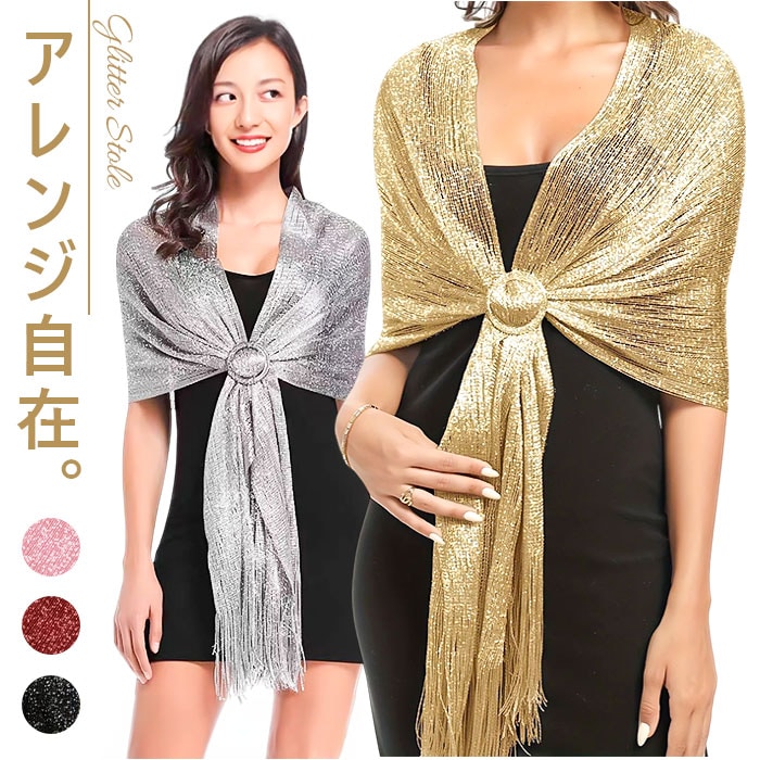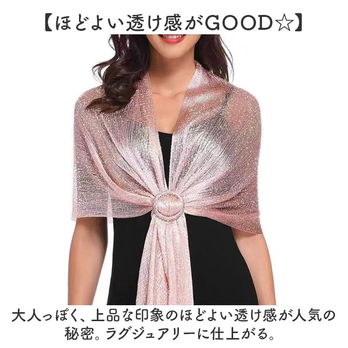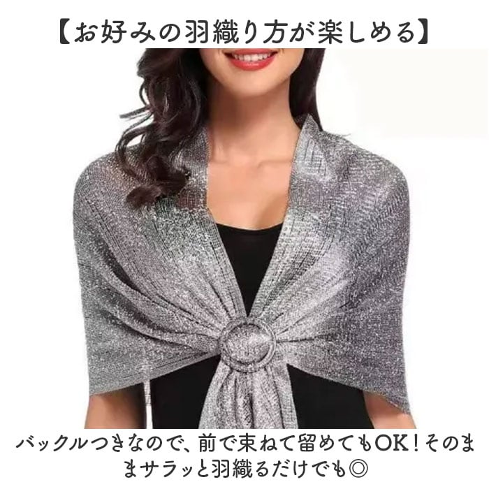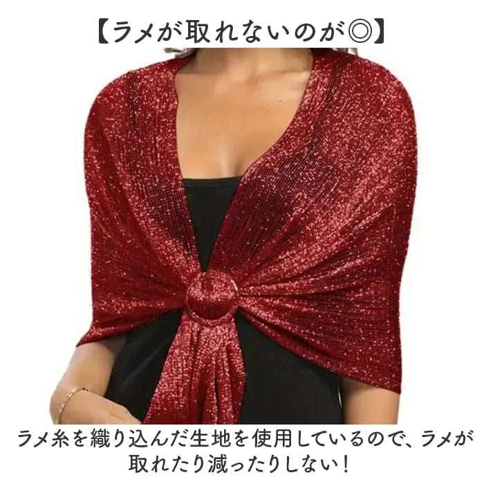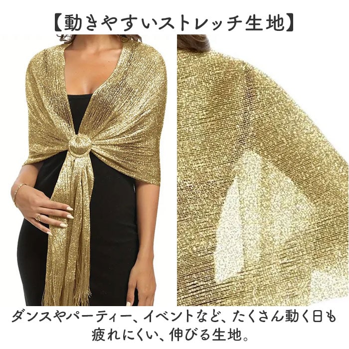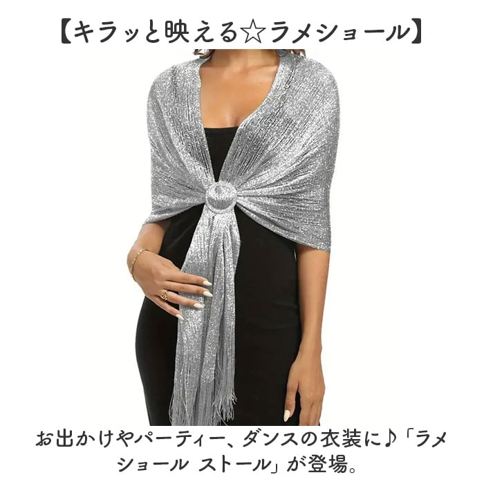 | 商品説明 | 【キラッと映える☆ラメショール】お出かけやパーティー、ダンスの衣装に♪「ラメショール ストール」が登場。【光にあたってキラキラ輝く!】太陽の光や、ステージ照明にあたるとキラッと華やかに輝く、大人のアイテム。【ラメが取れないのが◎】ラメ糸を織り込んだ生地を使用しているので、ラメが取れたり減ったりしない!【ほどよい透け感がGOOD☆】大人っぽく、上品な印象のほどよい透け感が人気の秘密。ラグジュアリーに仕上がる。【動きやすいストレッチ生地】ダンスやパーティー、イベントなど、たくさん動く日も疲れにくい、伸びる生地。【お好みの羽織り方が楽しめる】バックルつきなので、前で束ねて留めてもOK!そのままサラッと羽織るだけでも◎ |
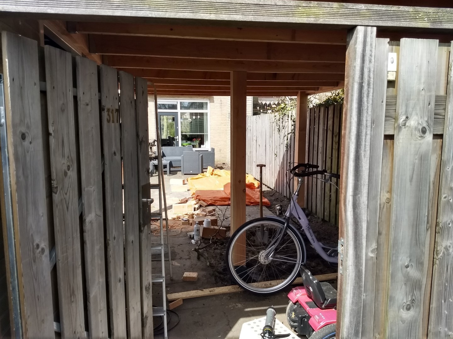 Ik wil een kant onder mijn veranda dichtmaken. Het gaat om de zijkant aan de korte zijde. Veranda ziet er nu zo uit. Er komt nog een nieuwe eettafel en stoelen enzo.
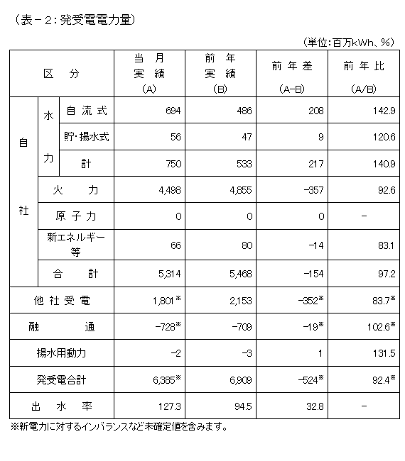 8月の発受電電力量の合計は、63億8,500万kWh、対前年比92.4%の実績となり、前年実績を下回りました。
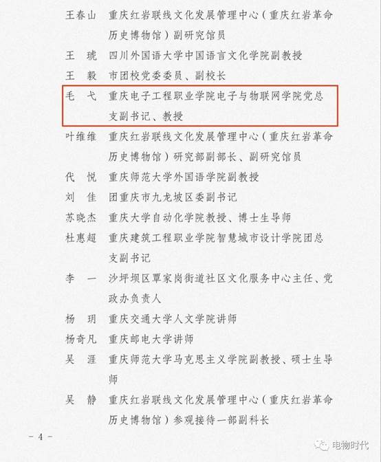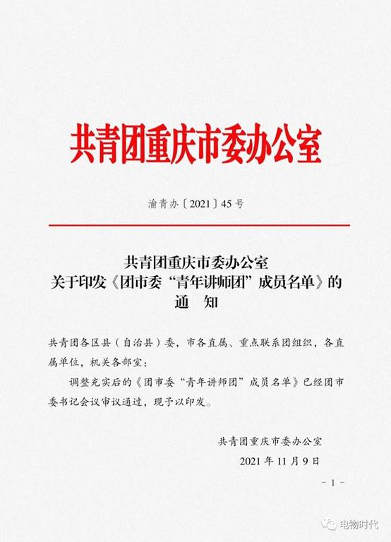 电子与物联网学党总支副书记毛弋入选共青团重庆市委“青年讲师团”(党史、新中国史、改革开放史、社会主义发展史、团史小组)。团市委“青年讲师团”,为在全市青少年中迅速掀起学习宣传贯彻党的十九届六中全会精神的热潮,引导全市青少年准确把握、深刻理解、全面贯彻全会精神。根据党中央部署要求,按照市委、团中央工作安排,结合重庆共青团工作实际,在全市青少年中开展学习贯彻党的十九届六中全会精神宣讲工作所成立。

_ _ _ _ _

The problem: Copy out all of the listing word for word, but skip the images.

Task answer:
 | 商品説明 | 【キラッと映える☆ラメショール】お出かけやパーティー、ダンスの衣装に♪「ラメショール ストール」が登場。【光にあたってキラキラ輝く!】太陽の光や、ステージ照明にあたるとキラッと華やかに輝く、大人のアイテム。【ラメが取れないのが◎】ラメ糸を織り込んだ生地を使用しているので、ラメが取れたり減ったりしない!【ほどよい透け感がGOOD☆】大人っぽく、上品な印象のほどよい透け感が人気の秘密。ラグジュアリーに仕上がる。【動きやすいストレッチ生地】ダンスやパーティー、イベントなど、たくさん動く日も疲れにくい、伸びる生地。【お好みの羽織り方が楽しめる】バックルつきなので、前で束ねて留めてもOK!そのままサラッと羽織るだけでも◎ |
 Ik wil een kant onder mijn veranda dichtmaken. Het gaat om de zijkant aan de korte zijde. Veranda ziet er nu zo uit. Er komt nog een nieuwe eettafel en stoelen enzo.
 8月の発受電電力量の合計は、63億8,500万kWh、対前年比92.4%の実績となり、前年実績を下回りました。
 电子与物联网学党总支副书记毛弋入选共青团重庆市委“青年讲师团”(党史、新中国史、改革开放史、社会主义发展史、团史小组)。团市委“青年讲师团”,为在全市青少年中迅速掀起学习宣传贯彻党的十九届六中全会精神的热潮,引导全市青少年准确把握、深刻理解、全面贯彻全会精神。根据党中央部署要求,按照市委、团中央工作安排,结合重庆共青团工作实际,在全市青少年中开展学习贯彻党的十九届六中全会精神宣讲工作所成立。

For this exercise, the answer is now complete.